This table maps the trunk-group number to the CLLI. On all of the CDRs that the switch creates (and eventually downloaded by the billing department) it is the trunk-group number that is on the CDR, not the CLLI. This value is also how the trunk-group is tracked in LEXM.

>table cllicdr

>pos FABCO_1700

CLLINAME EXTNUM

---------------

FABCO_1700 1700

TABLE TRKGRP

This defines settings that, obviously, affect the entire trunk-group. These include the type of trunk-group, level-padding, selection sequence, authorization code, bearer capability and many other options.

Example:

>table trkgrp

>pos mderobert1sc

MDEROBERT1SC DAL 0 9IN04 NCRT 0 2W SAL1 MIDL 40 7 40 16 C 7 NIL NIL 0 4 1

NONE 414 0 749211 NONE 0 SPEECH N STANDARD 0 N Y NONE 00 160 (OPNOAUTH ) $

This example defines this trunk-group as a DAL trunk-group (Dedicated Access Line). Other types of trunk-groups include EANT (Equal Access Network Trunk-group is equivilant to a feature-group D trunkgroup), IMT, ISDN, etc.

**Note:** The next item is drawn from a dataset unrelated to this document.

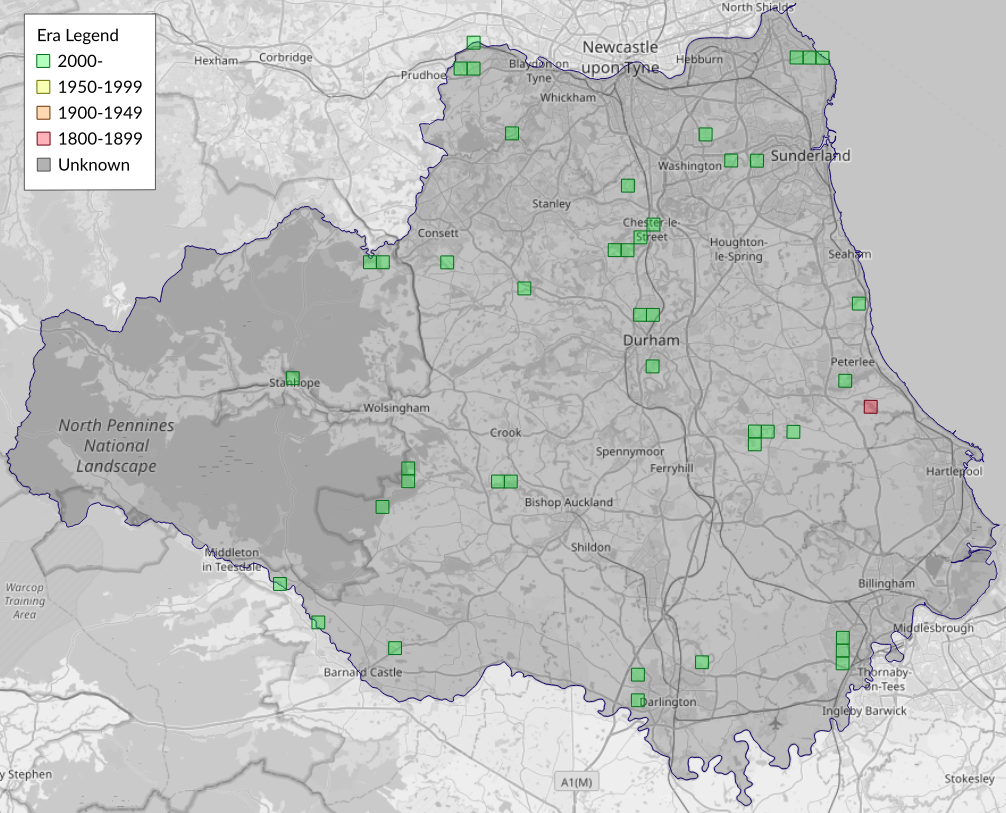 This map shows all records of Pale Pinion - Lithophane socia in the Durham (VC66) database per monad (1km grid square). The map can be explored further by zooming and panning, can be reset using the button on the left, and can be filtered by selecting the era. Click on a monad to view a full list of species recorded in it, or its containing hexad (10km grid square).
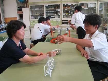 1年生は、理科で水素の特性を調べる実験をしていました。 2・3年生は、音楽で合同音楽でした。

The field '9IN04' defines the padding for this trunk-group. TABLE PADDATA creates is where these 'pad groups' are defined. The DMS uses the 'pad group' of the incoming and outgoing trunk-group to determine the loss in dB of the call. This is what is used to adjust the signal strength of the talk path. It also can be a useful tool to control echo.

SAL1 is the standard pre-translator used for this trunk-group. SAL1 is used on the majority of dedicated trunk-groups. It provides a generic dialing-plan that is acceptable for the majority of our customers. Remember, some customers use a custom-built standard pretranslator which allows them to do special things including 4 digit dialing to another dedicated trunk-group within the same switch.

MIDL is the selection sequence. This means that when the DMS sends a call to the customer's trunk-group, it will always select the Most IDLe trunk in the trunk-group. Other options include LIDL (Least IDLe), ASEQ, DSEQ, etc.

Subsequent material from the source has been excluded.